The chain of Jiigurru islands – the largest of which is Lizard Island at 10 square km – surrounds a lagoon about 33km from Cape Flattery.
The 2.4-metre deep excavation revealed evidence of continuous occupation dating back more than 6,000 years on the islands, cut off from the mainland by rising sea levels at least 10,000 years ago.
The story continues
It is a small insight into the extraordinary information we have yet to reveal
John Ulm
McLean believes his ancestors would have used the clay pots to carry resources such as water and shellfish on long canoe trips to the islands.
“The pieces of pottery that were made locally, on land, that were feeling the presence of my ancestors,” he said. “It was an emotional moment, holding something ancient.”
There is still much to learn about how the pots were made and what they look like. The average size of the bubbles is less than 2cm – too small and fragmented to reveal much of their original form and function.
Such an important story told by tiny pieces of the civilized world explains why the research took years to publish, Ulm says.
Excavation began in mid-2017 and ended 14 months later. But his findings would challenge the view that has been widely held among academics since a holiday archaeologist from New Zealand first spotted pottery shards on Jiigurru while snorkelling in the shallow lagoon in 2006.

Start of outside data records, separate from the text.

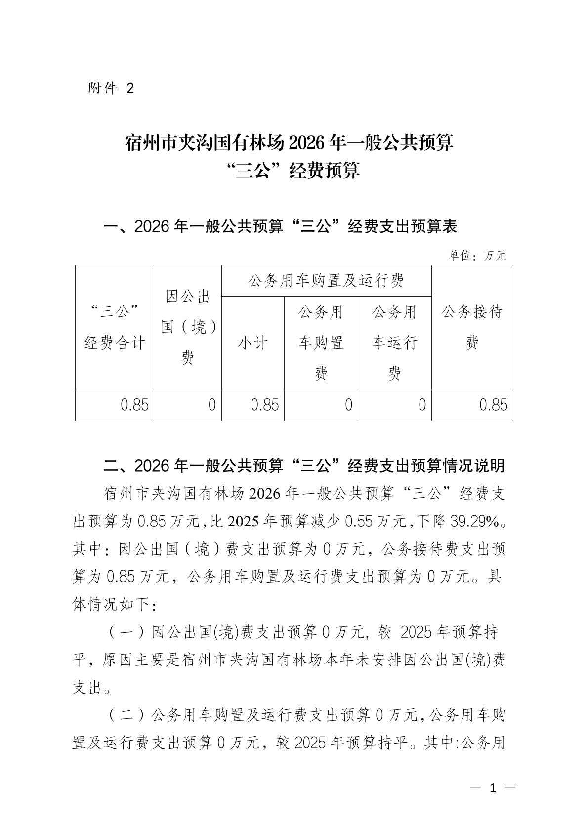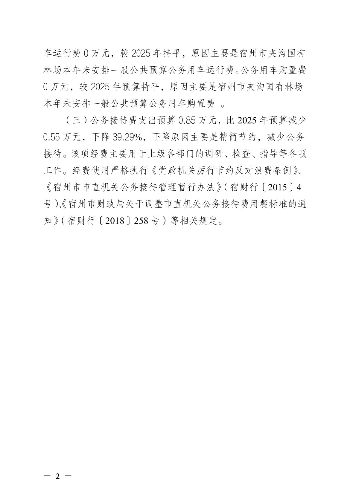 宿州市夹沟国有林场2026年一般公共预算“三公”经费预算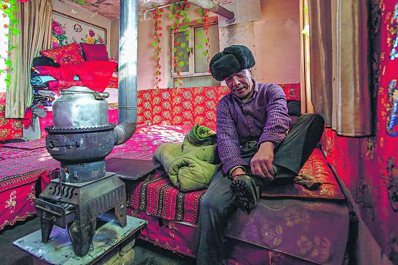 1月7日,乌什县亚曼苏柯尔克孜族乡别迭里山口牧业点,肉孜·萨迪克准备外出。
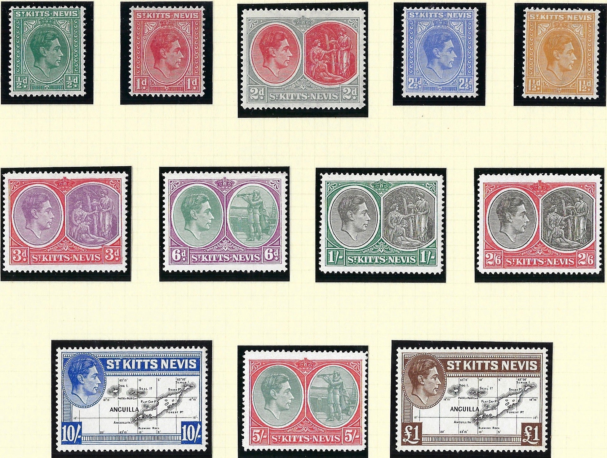 St. Kitts-Nevis 1938-50 1/2d to £1 black and brown, SG68a/77f
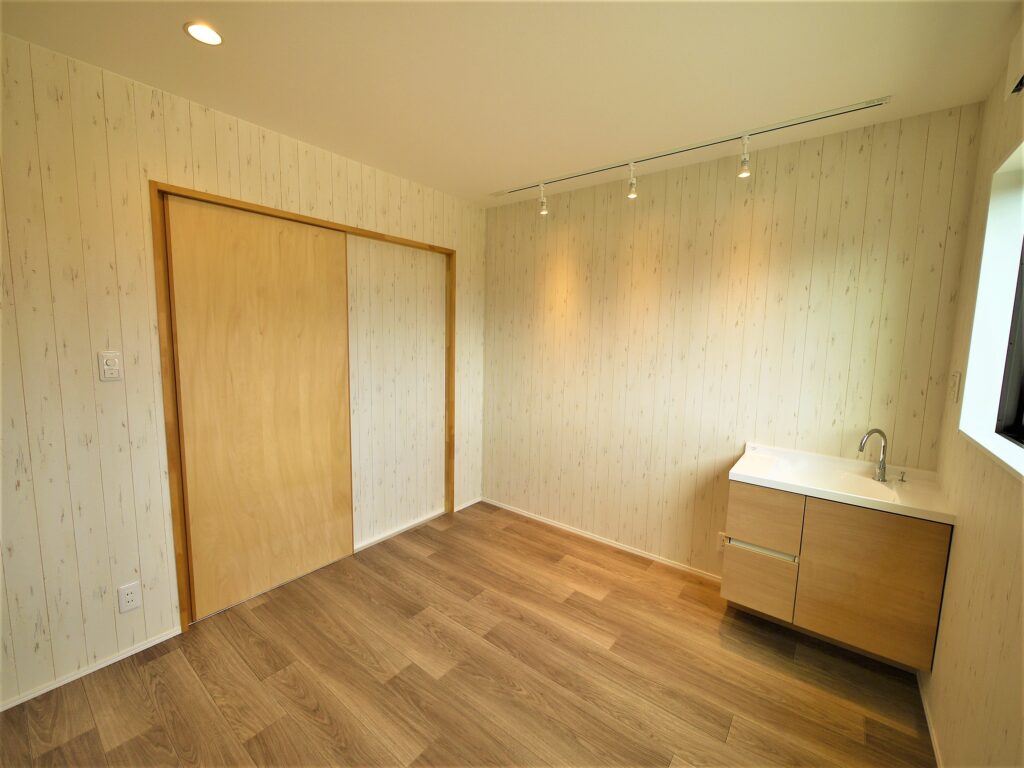 併設のエステルームには、コンパクトな造作洗面台を設置。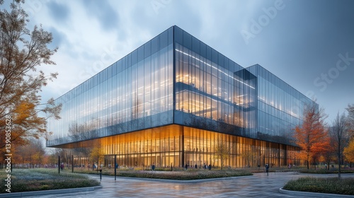Modern Glass Building with Illuminated Facade and Autumn Trees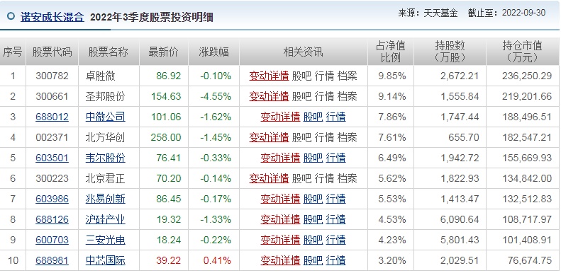具体来看,诺安成长混合前十大重仓股分别为(300782.SZ)、圣邦股份(300661.SZ)、中微公司(688012.SH)、北方华创(002371.SZ)、韦尔股份(603501.SH)、北京君正(300223.SZ)、兆易创新(603986.SH)、沪硅产业-U(688126.SH)、三安光电(600703.SH)、中芯国际(688981.SH)。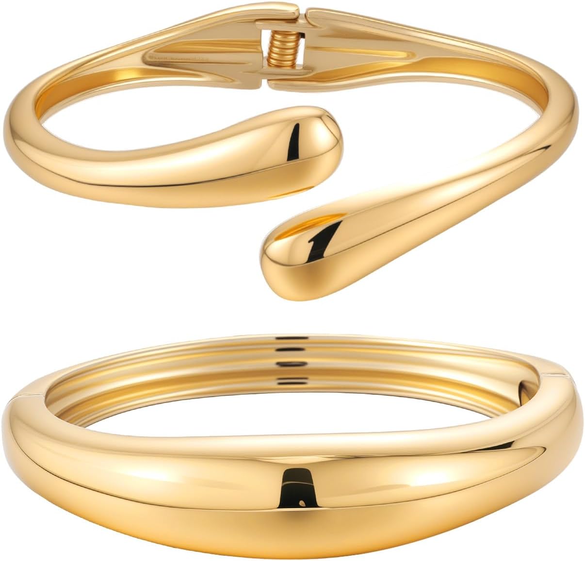 Yowivon Gold Bangles Bracelet for Women, Irregular Chunky Gold Bracelet Teardrop Wave Twisted Hinged Open Bangle Bracelets, Non Tarnish 18K Gold Plated Thick Cuff Bracelets Trendy Jewelry Gifts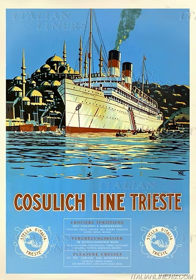 Riproduzione di un bel poster del 1926 stampato dalla Modiano di Trieste; l’illustrazione della nave da crociera Stella d’Italia a Istanbul era opera di Paolo Klodic.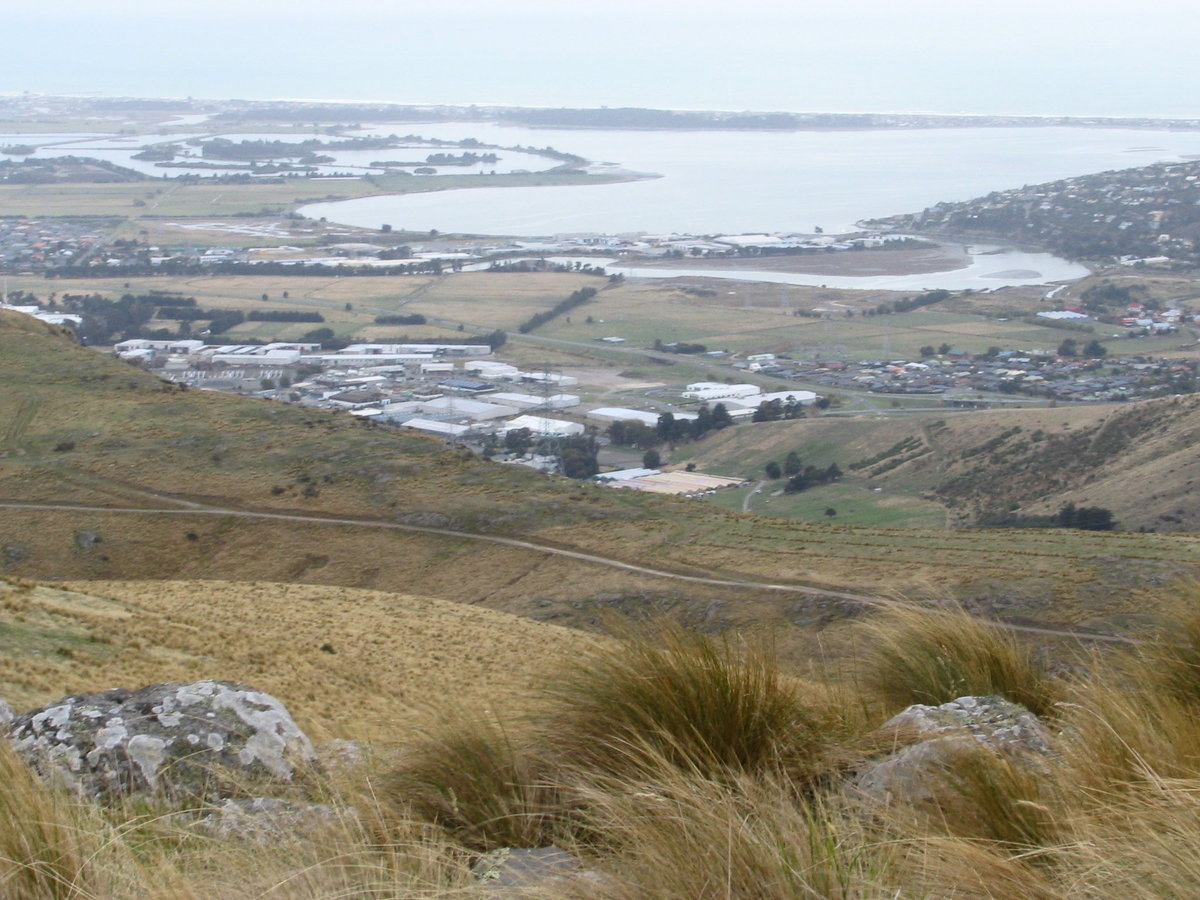 Avon-Heathcote estuary & part of the enormous sprawl of Christchurch with Summit Road in foreground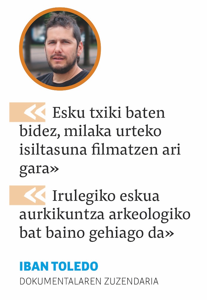 Iban Toledo beasaindarra ‘Eraukon, eskuaren mintzoa’ dokumentala ari da egiten, Irulegiko eskuaren aurkikuntza, euskararen lehen aztarna izan daitekeenaren balioa nazioarteko ikusleari hurbiltzeko.

Attempts to date these pieces of pottery have been inconclusive, although they have been interpreted by many as direct evidence of the presence of the Lapita people in Australia.
From the eastern islands of Papua New Guinea and over a few centuries, the Lapita and their descendants settled much of the remote Oceania, bringing pigs, dogs and chickens, taro and breadfruit, and their distinctive pottery to the Solomon Islands and east across the Pacific to Vanuatu, New Caledonia, Fiji, Tonga and Samoa.
The Ulm paper describes it as “one of humanity’s great achievements in maritime settlement”.
But when Ulm and his colleagues went looking for more pieces of pottery using the kind of methodical excavation that could shed light on who made Jiigurru pottery and when, they found none of the telltale signs – chicken bones or banana tracks – which would suggest Lapita. job. Instead the well site’s shellfish and fish bones spoke of continuous Native occupation. And none of the ceramic chips bore the distinctive designs of the Lapita pots.
The discovery raises the question of why no pieces of pottery were found at the site after about 2,000 years ago, even though seasonal occupation continued. That, Ulm says, is a question that cannot be answered from an excavation site alone and will require more research to resolve.
McLean also hopes the research will encourage more collaboration between Indigenous communities and archaeologists who “will find more of the ancient artefacts that could rewrite Australia’s ancient history”.
University of Southern Queensland professor Bryce Barker, who was not involved in the study, says it is “certainly very significant” and an “excellent piece of research”.
“The science in that paper is excellent – you can’t fault the science,” he said. “I don’t think there’s any question there’s pottery at 3,000.”
But the claim that Aboriginal people made the pottery, he said, was “a bit controversial”.
“Perhaps the more straightforward explanation of why that pottery is on Esk Island is that it was part of that trade and interaction with the people from the north, rather than something that was done by Aboriginal people,” said he.
The researchers involved argue that the ancient pottery of the Great Barrier Reef “indicates the likelihood” that more remains, possibly including Lapita, are scattered along the “vast and archaeological northeast coast of eastern Queens”.
“To me, that’s what’s exciting about the discovery, that it’s a small glimpse into the extraordinary knowledge we have yet to uncover about the deep history of this country,” said Ulm.
“If digging one metre-by-metre can tell us all these ‘new things’, what does the rest of the coast have to teach us?”